Economic factors bribe, induce or coerce many people at the bottom of the food chain into service to this technology -- as human incubators for cloned embryos, as genetically altered human milk cows for exotic pharmaceuticals, as sources of genetic material and cell lines for patenting and profit, as guinea pigs for human gene therapy, as donors forced to sell their organs or killed for them.
New and profitable biotechnologies will, for the most part, create temporary benefits for a privileged few while mixing and confusing the genetic code of humans, animals and plants. Bio-pollution will be irreversible as altered life forms intermingle, passing on their tampered genes. The earth's delicate biosphere will be turned upside down as interconnected species become antagonistic. As the boundaries separating human, beast and plant become blurred and confused, unforeseen consequences will suddenly appear that will defy scientific remedy. In spite of these dangers, genetic scientists press on, believing they have all the right answers, believing they are God.
In his magazine article, "The Biotech Century", author Jeremy Rifkin writes, "Scientists are beginning to reorganize life at the genetic level...the globalization of commerce and trade make possible the wholesale reseeding of the Earth's biosphere with a laboratory-conceived Second Genesis, an artificially produced bioindustrial nature designed to replace nature's own evolutionary scheme.... Breakthroughs in genetic screening, including DNA chips, somatic gene therapy and the imminent prospect of genetic engineering of human eggs, sperm and embryonic cells, are paving the way for the wholesale alteration of the human species and the birth of a commercially driven eugenics civilization.... In short, the Biotech Century brings with it a new resource base, a new set of transforming technologies, new forms of commercial protection, a global trading market to reseed the earth with an artificial Second Genesis, an emerging eugenics science, a new supporting sociology, [and] a new communications tool to organize and manage economic activity at the genetic level...."

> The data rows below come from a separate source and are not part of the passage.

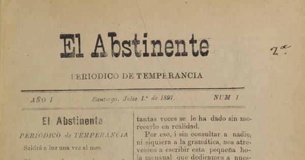 El Abstinente. Santiago : El Consejo, 1897-1903 (Santiago : Imprenta Popular) 6 volúmenes, año I, número 1, (1 julio 1897)
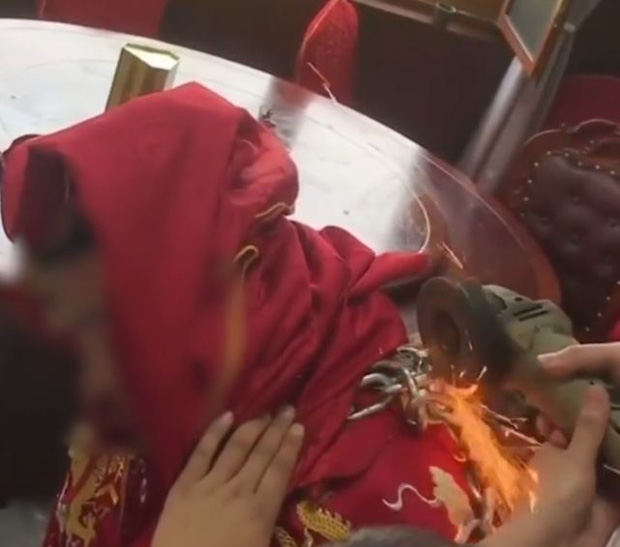 Ngay lập tức. một chiếc cưa sắt đã được mang tới để giải cứu chú rể, cũng như cứu vãn cho cô dâu đang mòn mỏi chờ đợi trong phòng. Nhưng cũng may là sau cùng, đoạn xích sắt đã được giải phóng.
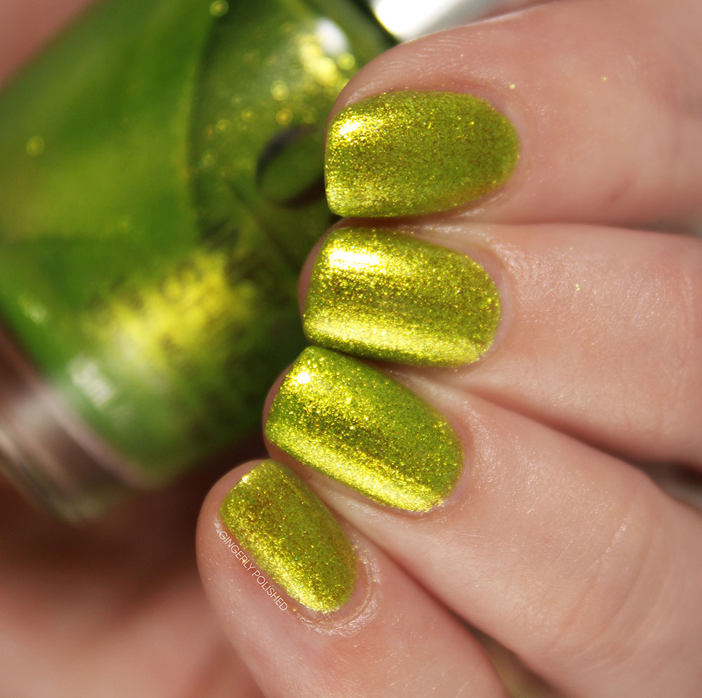 ‘Limelight’ is another shade where I’m sure you’ll be able to guess the color from the name. Yes! It’s a bright yellowy toned lime green shimmer with that same golden shimmer. Once again, that golden shimmer gets a little lost without more of a color contrast, but we still get that sparkle.

Disregarding the lessons of history, scientists and consumers alike have failed to recognize the inherent depravity of human nature. Mankind has forgotten that he is not God; forgotten that he is fallen and needs God to save him from destroying himself. The line of demarcation has been crossed and mankind, not sensing the danger, usurps the prerogatives of God and proceeds to "reorganize life on the genetic level." Man is at war with the natural order of things. From abortion, sexuality, gender and family order, man has turned things upside down and now proceeds to change the genetic makeup of the human species and nature itself. Perhaps in nature's response, in new and virulent plagues, disease, tornado, flood, earthquake, irregular weather patterns, and all manner of natural calamity, we may hear the approaching thunders of an offended God.
"The word of the LORD came again unto me, saying, Son of man, say unto the prince of Tyrus, Thus saith the Lord GOD; Because thine heart is lifted up, and thou hast said, I am a God, I sit in the seat of God, in the midst of the seas; yet thou art a man, and not God, though thou set thine heart as the heart of God ...With thy wisdom and with thine understanding thou hast gotten thee riches, and hast gotten gold and silver into thy treasures ...Therefore thus saith the Lord GOD; Because thou hast set thine heart as the heart of God;...I bring forth a fire from the midst of thee, it shall devour thee, and I will bring thee to ashes upon the earth in the sight of all them that behold thee. All they that know thee among the people shall be astonished at thee: thou shalt be a terror, and never shalt thou be any more." Eze. 28.